The way things are going, it may not be that difficult to predict the future, even admitting that it certainly hides new surprises. In 650 words, here are some predictions informed by economics (and birds’ entrails), whether the epidemic itself is being exaggerated or not.

The shortages—real shortages, not “smurfages”—created by government price controls (the state governments’ “price gouging” laws and whatever may come from the federal government) illustrate many crucial facts about economic and social life. Black markets will develop because of the self-interest of both sellers and buyers: many people prefer to have toilet paper at $4 a roll than not have it at all, even if its theoretical price (the one capped by government price controls) is $1 but the thing is not available; and at $4 a roll, it’s in many entrepreneurs’ or middlemen’s interest to sell some. Black markets were a constant feature of communist systems. It is the recent story of Venezuela. As a result, in America as elsewhere, governments will strengthen their intervention and repression against self-interest, which they will call “profiteering,” as so many governments have before them.

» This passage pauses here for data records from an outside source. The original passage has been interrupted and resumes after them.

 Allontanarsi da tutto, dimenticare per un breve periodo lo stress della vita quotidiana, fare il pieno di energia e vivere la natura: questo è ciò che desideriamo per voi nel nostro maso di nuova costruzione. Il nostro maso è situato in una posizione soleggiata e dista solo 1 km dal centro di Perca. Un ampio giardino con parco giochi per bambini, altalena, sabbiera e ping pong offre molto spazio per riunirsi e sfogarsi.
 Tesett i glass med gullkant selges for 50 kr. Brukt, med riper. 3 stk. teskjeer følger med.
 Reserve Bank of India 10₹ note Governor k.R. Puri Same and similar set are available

It is not difficult to bring a country from prosperity to second-world status (or perhaps even third-world poverty). At the beginning of the 20th century, Argentina was one of the rich countries of the word. Populist governments pushed it back to a second-word country. We may discover that there is much less “American exceptionalism” than many Americans thought. Who would have imagined that, like in Venezuela, toilet paper would become difficult to find?

Back to self-interest. A crucial fact of the social world is that individuals are mostly self-interested and that they remain so when they become politicians or government bureaucrats. This explains, among many other facts otherwise incomprehensible, why government intervention usually worsens a crisis if it hasn’t created the crisis in the first place. Leviathan is not Mother Teresa; it never was and is not now either. Who seriously thinks that Trump is more interested in saving the poor and the sick in America than to be re-elected if only for another four years? (The same is true, even if perhaps not as obvious, for Sanders or Biden). There is alas not much American exceptionalism there either.

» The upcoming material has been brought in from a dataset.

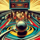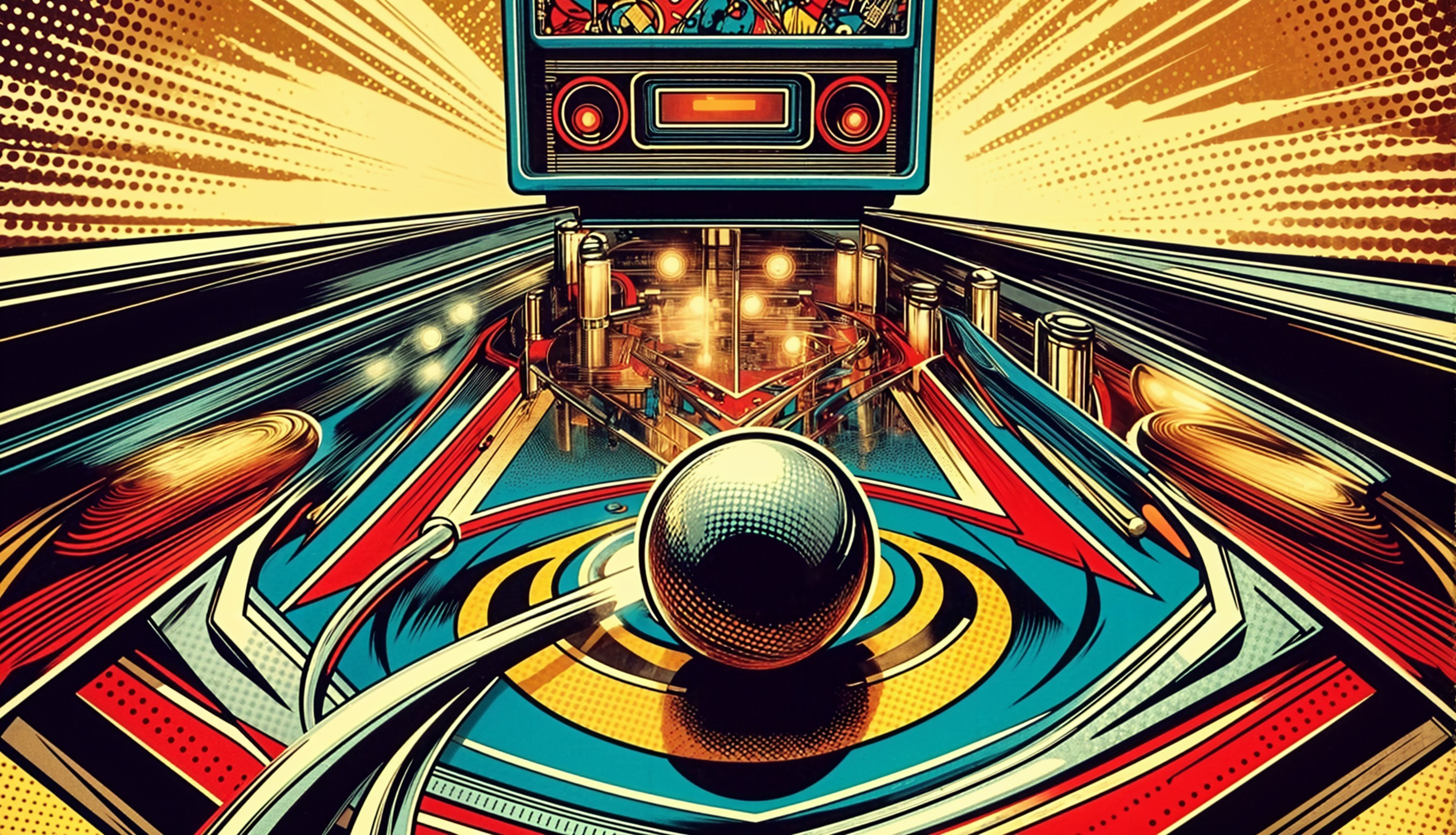 Prompt: Retro comic art illustration of a small pinball ball in sharp foreground, drawn with bold ink lines and vintage halftone textures. The ball is speeding toward a classic metal pinball target with dynamic motion lines. Reflections show muted neon arcade lights. Background slightly blurred with retro halftone shading, 1960s–1970s comic style. Dramatic framing, nostalgic colors, energetic retro arcade vibe

The most hardly hit people will likely be those at the bottom of the social ladder. Already, high-middle-class people work remotely; the poor are laid-off. As others of my co-bloggers have hinted at, stagflation may follow, if we are lucky enough to avoid hyperinflation. Imagine a $3-trillion budget deficit financed with money creation. Whatever the extent of the damage, the huddled masses will claim for their illusionary savior: the state.

One of the main dangers in a crisis is the mob’s reaction; and it is often in the state’s interest—in the interest of politicians and government bureaucrats—to follow the mob instead of restraining its irrational fears and wrath. Interestingly, Trump tried to instill some calm at the beginning, quite probably because he saw the epidemics as compromising his reelection chances. At any rate, he was not helped by the fact that he has a habit of lying in-your-face or pontificating about what he doesn’t know. And he was finally unable to avoid following the panicked mob.

In the process, state power expands, planting the seeds for future crises where the state will further increase its power in order to minimize the detrimental consequences of its previous controls on social and economic life.

As I tweeted,

Isn’t it fascinating that, after a century of communism, four centuries of dirigiste price controls, and two centuries and a half of economic analysis, we still have to explain what causes shortages and that falling into the arms of the state is the recipe for economic, social, and political disaster?

And isn’t it troubling that people have to rediscover this through painful experience again and again?